Giter Club home page Giter Club logo

Comments (5)

coroa avatar coroa commented on May 23, 2024

A direct consequence for making the cutout preparation work for sarah was to let go of the cleanup tmp files automatically once the file handle is released (the weakref.finalizer(noisy_unlink, ...) bit), since dask is often configured to use multiple processes and then whether a file handle is released in one process is not a good indicator for whether we still need the tmp file. Thus, I was forced to switch to a create all files in a temporary directory and clean up the directory when the cutout is ready scheme.

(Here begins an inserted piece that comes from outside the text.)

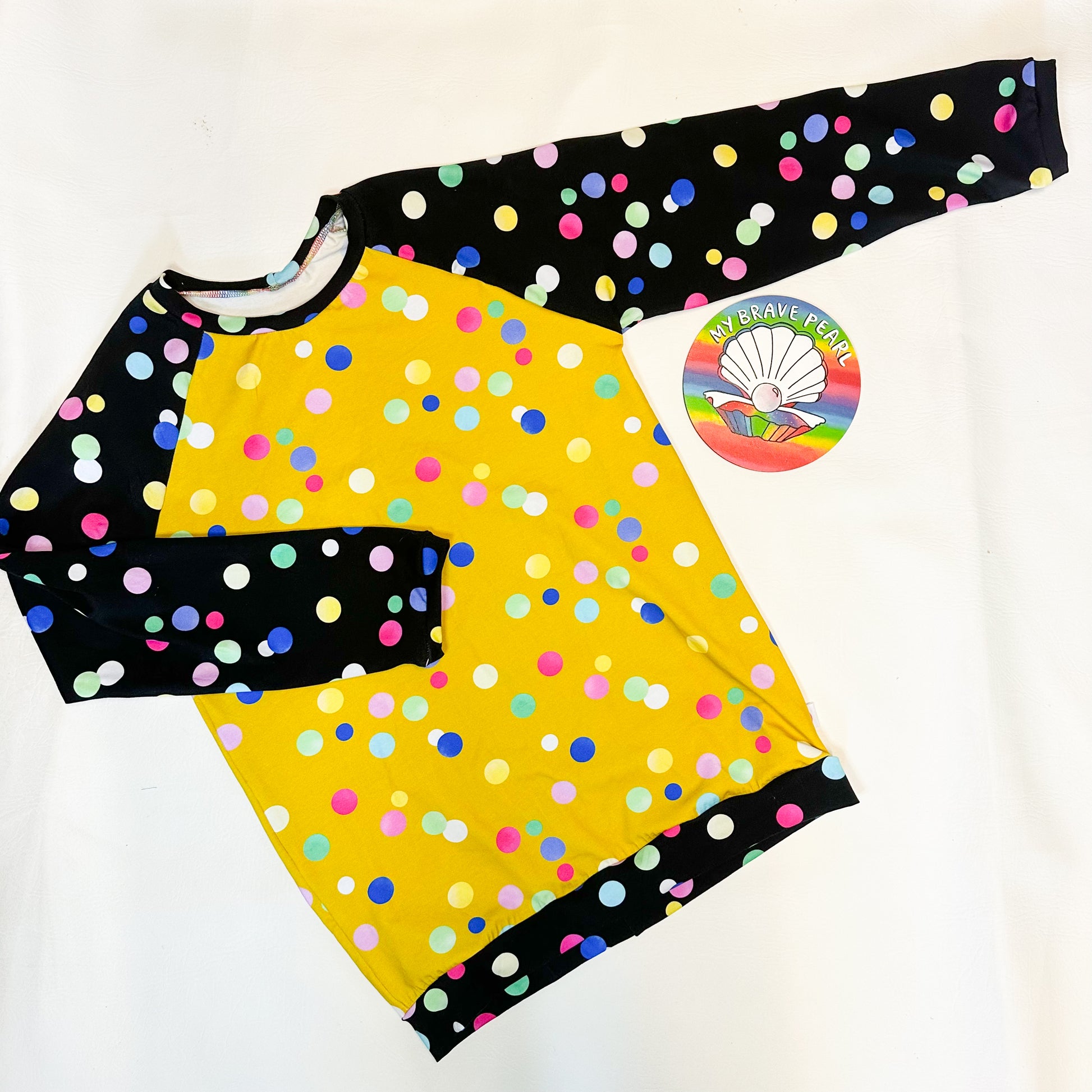 Ready To Ship 12-13Y Mustard and Black Spots Long Sleeve Raglan Tee

What probably happens for you now, is that some exception happens during the preparation of the cutout. During the error handling I try to clean up the temporary files, but the file handles have not been released and windows prohibits the deletion of the files. The easiest way to debug this problem now, is to supply a tmpdir="<some_empty_dir_that_you_created>" argument to cutout.prepare, so that keep_tmpdir is set and the OSError does not overshadow the real exception underneath and we can find out who holds onto its filehandles in this situation.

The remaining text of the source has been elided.